Nasredeen Abdulbari identifies no particular “aha!” moment when he knew what his life’s work would be.
But if you know his country’s background, it’s easy to understand why he would want to devote himself to human rights and constitutional law.
Abdulbari was born and brought up in Khartoum. His parents hail from different villages in the Sudanese province of Wadi Saleh, in the region known as Darfur, western Sudan. His grandmothers still live there. “Sudan experienced the longest civil war in Africa, and is now embroiled in a civil war in its western part, in Darfur,” he says.
“Everyone from Darfur has suffered, directly or indirectly. They’ve all lost someone, or lost something,” he adds.
His life experiences have left him feeling not downcast or dispirited, but energized with a personal vision of what a more fully developed constitutional system could do for his troubled country. “Sudan is now facing a problem — it might fall apart in three years.” And what could hold it together? “Human rights, justice, democracy, and freedoms — they are a guarantee of unity.”
Abdulbari earned his bachelor of laws degree from the University of Khartoum in 2002. Three years later, he graduated with a master’s degree in law from the same institution. While pursuing the second degree he served as a lecturer and teaching assistant in the department of international comparative law. He also served as coordinator for the legal aid clinic at the university.
Given Sudan’s history as a British colony, he considered furthering his education in the United Kingdom. But a good friend persuaded him to come to Harvard instead. He will be graduating from Harvard Law School with his LL.M. degree June 5, and the next day returning to Sudan. He will continue his teaching at the University of Khartoum, and his human rights, peace-building, and development work with the Sudan Social Development Organization (SUDO).
“Lawyers are the cement of society,” Abdulbari says, and in his vision, this is clearly ongoing work. “My personal perspective is that constitutions and lawyers are never static — they’re always dynamic.” Pace Antonin Scalia and his colleagues who adhere to the “originalist” school of legal thought, Abdulbari believes that failure to “renovate” laws and constitutions as needed has made for trouble in Africa and elsewhere.

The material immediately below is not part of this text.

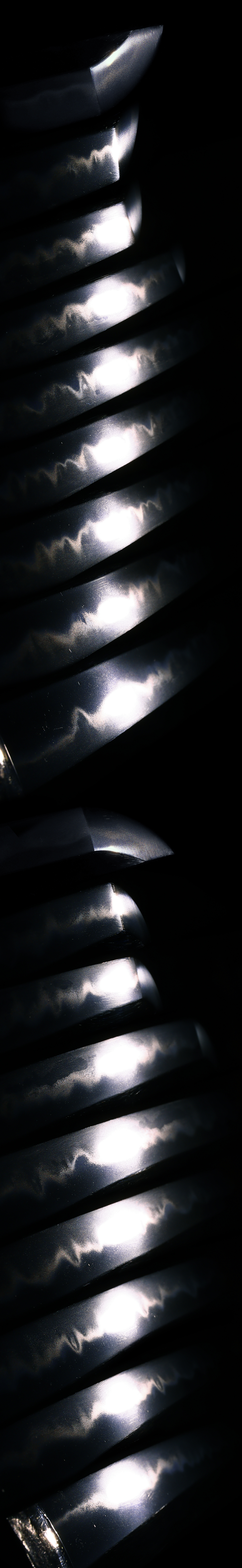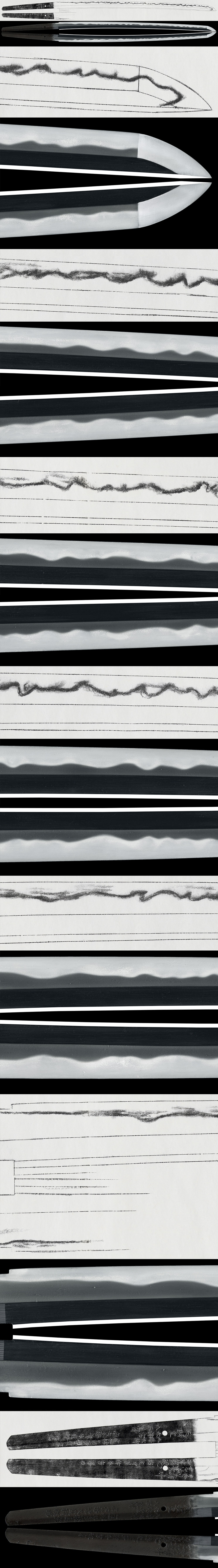 体配: 身幅が広く、重ね厚く、反りが浅く、鋒が伸びて茎が長い。

He is prepared to acknowledge that some controversial laws — the bans, common in Islamic countries, on women traveling internationally without the permission of their male protectors — may once have been justified, given the dangers of travel. But those days are gone, and such laws should change, he says.
He also resists the argument that human rights are essentially Western ideas of which countries like Sudan must be wary for cultural reasons. “Whose culture do you want to protect?” he asks. “That of the governments? Or that of the peoples who have been oppressed, and whose real interest is in human rights?” He acknowledges that many well-meaning people are concerned about their own cultural authenticity. But often the cultural argument is cover for tyrants. And at the moment, he says, “We all need systems of government in which each person can see him- or herself.”

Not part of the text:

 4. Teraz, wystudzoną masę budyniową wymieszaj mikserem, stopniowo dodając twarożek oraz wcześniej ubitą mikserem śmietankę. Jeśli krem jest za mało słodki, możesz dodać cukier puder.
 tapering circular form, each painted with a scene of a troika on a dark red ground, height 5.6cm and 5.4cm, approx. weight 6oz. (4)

He doesn’t mind importing ideas, wherever they come from: “Our question is, Are they good for us? Their good is in their fairness, their ability to improve our lives, and properly determine the relationship between us and our governments.”
Asked about the argument that many states in Africa suffer from badly drawn maps that disregard natural cultural and ethnic communities, he responds, “Cultural or ethnic homogeneity is not a sine qua non of unity.” The most homogeneous country in Africa, he pointedly adds, is Somalia.